**What to do**
Write out the listing in full, matching it word for word.

**Available data**
####################

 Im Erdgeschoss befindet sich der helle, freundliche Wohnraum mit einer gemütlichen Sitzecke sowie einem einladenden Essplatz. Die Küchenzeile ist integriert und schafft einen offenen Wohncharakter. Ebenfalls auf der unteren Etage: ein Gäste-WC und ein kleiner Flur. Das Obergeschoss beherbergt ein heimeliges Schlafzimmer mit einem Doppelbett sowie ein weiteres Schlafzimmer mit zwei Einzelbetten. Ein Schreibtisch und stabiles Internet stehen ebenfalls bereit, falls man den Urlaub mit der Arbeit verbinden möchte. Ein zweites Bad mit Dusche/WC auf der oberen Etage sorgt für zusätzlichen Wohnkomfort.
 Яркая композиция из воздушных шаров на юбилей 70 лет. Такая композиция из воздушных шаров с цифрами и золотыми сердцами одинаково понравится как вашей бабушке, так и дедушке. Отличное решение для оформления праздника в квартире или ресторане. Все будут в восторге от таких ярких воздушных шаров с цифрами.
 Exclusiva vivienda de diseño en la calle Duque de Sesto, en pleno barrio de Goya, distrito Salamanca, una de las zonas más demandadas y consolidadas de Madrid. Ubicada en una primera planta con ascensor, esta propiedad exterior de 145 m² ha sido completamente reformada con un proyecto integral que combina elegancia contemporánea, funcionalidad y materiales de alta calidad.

####################

**Exercise response**
 Im Erdgeschoss befindet sich der helle, freundliche Wohnraum mit einer gemütlichen Sitzecke sowie einem einladenden Essplatz. Die Küchenzeile ist integriert und schafft einen offenen Wohncharakter. Ebenfalls auf der unteren Etage: ein Gäste-WC und ein kleiner Flur. Das Obergeschoss beherbergt ein heimeliges Schlafzimmer mit einem Doppelbett sowie ein weiteres Schlafzimmer mit zwei Einzelbetten. Ein Schreibtisch und stabiles Internet stehen ebenfalls bereit, falls man den Urlaub mit der Arbeit verbinden möchte. Ein zweites Bad mit Dusche/WC auf der oberen Etage sorgt für zusätzlichen Wohnkomfort.
 Яркая композиция из воздушных шаров на юбилей 70 лет. Такая композиция из воздушных шаров с цифрами и золотыми сердцами одинаково понравится как вашей бабушке, так и дедушке. Отличное решение для оформления праздника в квартире или ресторане. Все будут в восторге от таких ярких воздушных шаров с цифрами.
 Exclusiva vivienda de diseño en la calle Duque de Sesto, en pleno barrio de Goya, distrito Salamanca, una de las zonas más demandadas y consolidadas de Madrid. Ubicada en una primera planta con ascensor, esta propiedad exterior de 145 m² ha sido completamente reformada con un proyecto integral que combina elegancia contemporánea, funcionalidad y materiales de alta calidad.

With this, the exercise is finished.